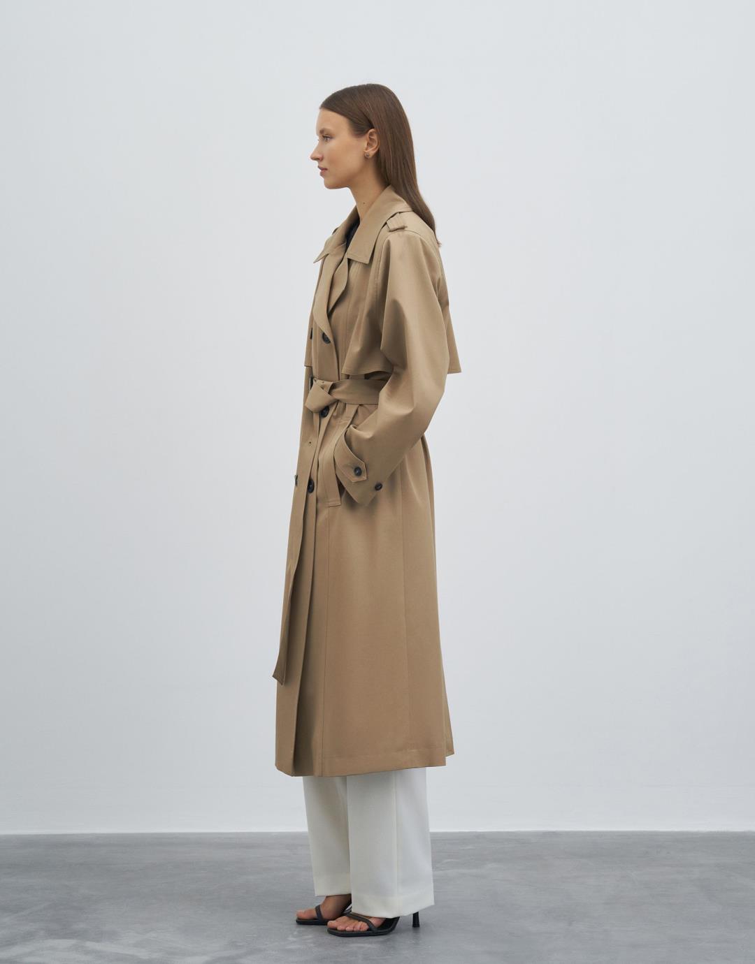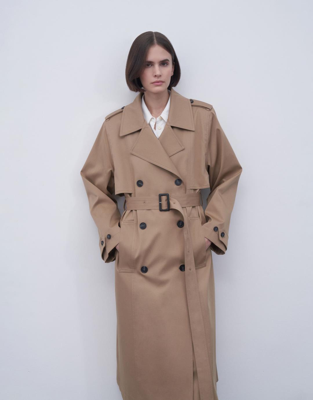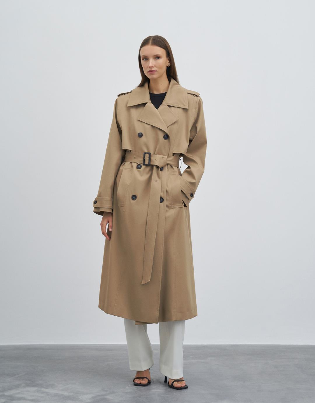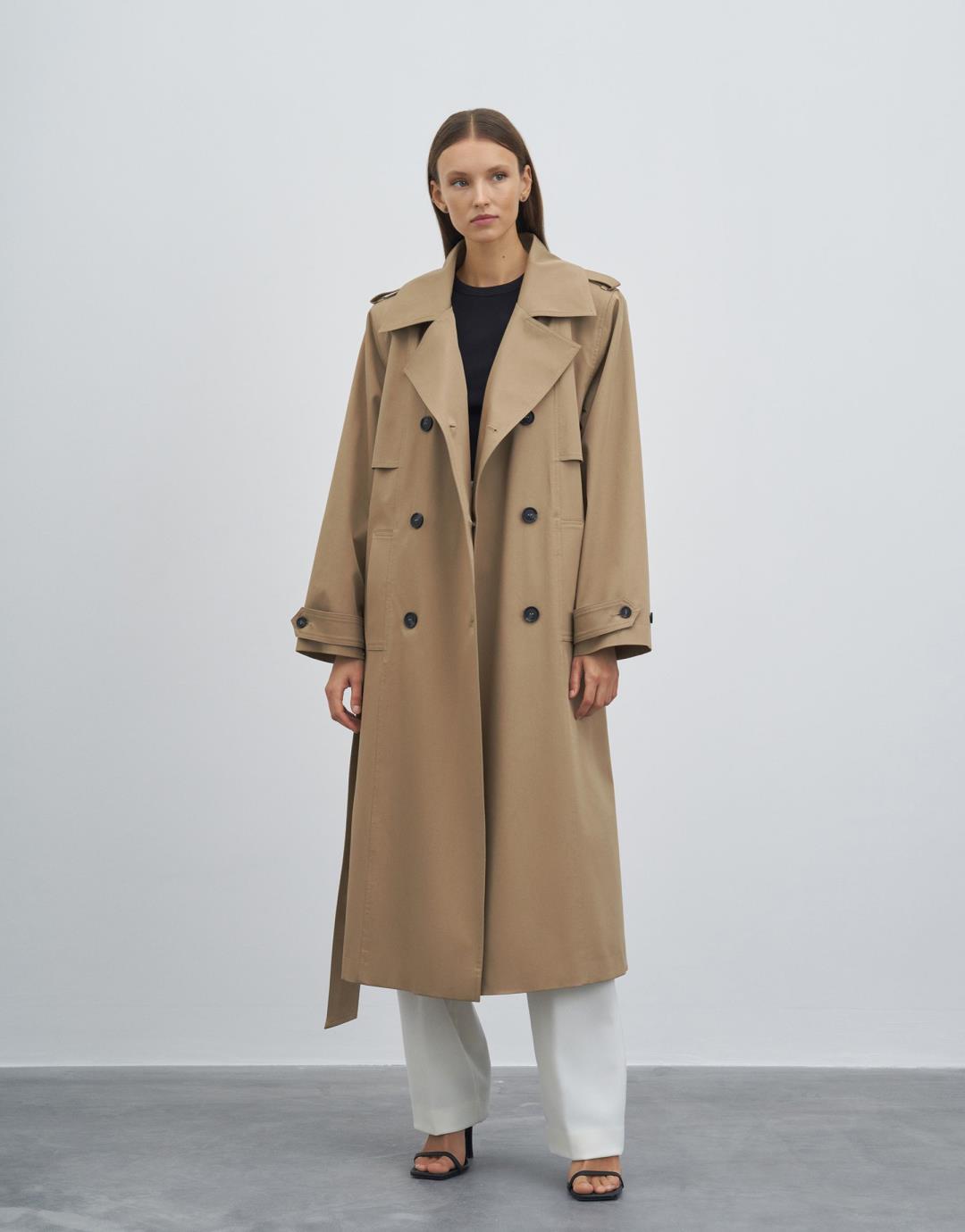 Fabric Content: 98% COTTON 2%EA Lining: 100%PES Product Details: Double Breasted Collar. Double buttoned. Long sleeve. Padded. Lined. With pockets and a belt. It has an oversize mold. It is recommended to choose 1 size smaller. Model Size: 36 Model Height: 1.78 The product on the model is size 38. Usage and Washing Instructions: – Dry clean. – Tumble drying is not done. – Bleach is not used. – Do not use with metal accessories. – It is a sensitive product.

==

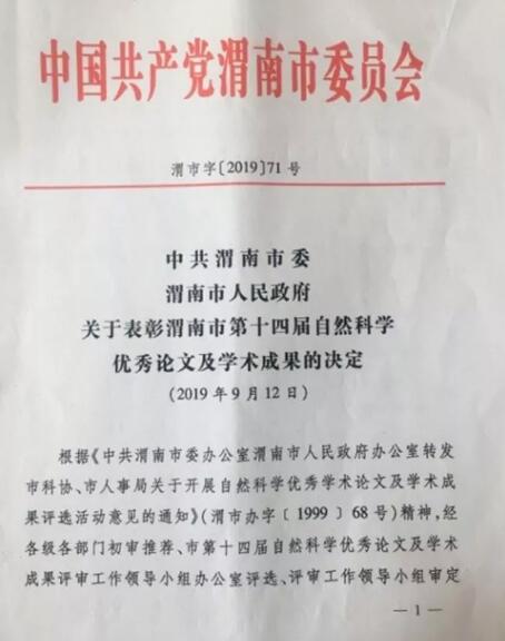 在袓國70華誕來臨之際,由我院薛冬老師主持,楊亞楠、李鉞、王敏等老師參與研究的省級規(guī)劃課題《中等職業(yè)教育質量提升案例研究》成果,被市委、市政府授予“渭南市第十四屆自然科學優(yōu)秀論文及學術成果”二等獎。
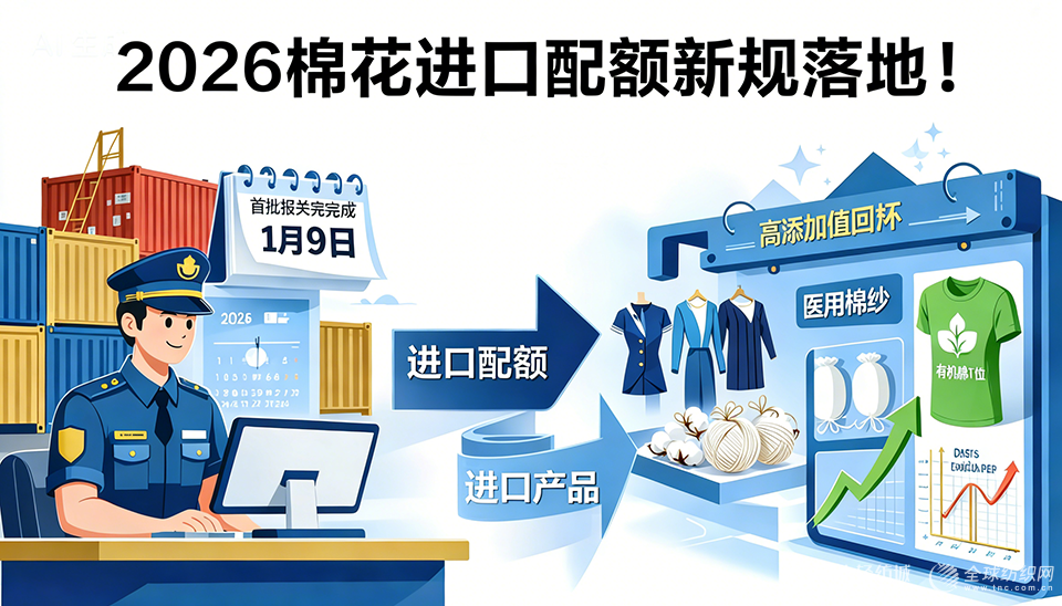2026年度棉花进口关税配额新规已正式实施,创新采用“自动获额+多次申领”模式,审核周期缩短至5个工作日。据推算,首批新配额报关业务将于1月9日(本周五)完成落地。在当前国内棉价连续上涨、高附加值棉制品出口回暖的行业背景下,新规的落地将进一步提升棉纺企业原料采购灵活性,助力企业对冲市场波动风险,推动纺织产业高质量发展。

**Work request**
Return only the stretch above from the line containing "在袓國70華誕來臨之際,由我" through the line containing "2026年度棉花进口关税配额", word for word and without pictures.

**Written answer**
 在袓國70華誕來臨之際,由我院薛冬老師主持,楊亞楠、李鉞、王敏等老師參與研究的省級規(guī)劃課題《中等職業(yè)教育質量提升案例研究》成果,被市委、市政府授予“渭南市第十四屆自然科學優(yōu)秀論文及學術成果”二等獎。
2026年度棉花进口关税配额新规已正式实施,创新采用“自动获额+多次申领”模式,审核周期缩短至5个工作日。据推算,首批新配额报关业务将于1月9日(本周五)完成落地。在当前国内棉价连续上涨、高附加值棉制品出口回暖的行业背景下,新规的落地将进一步提升棉纺企业原料采购灵活性,助力企业对冲市场波动风险,推动纺织产业高质量发展。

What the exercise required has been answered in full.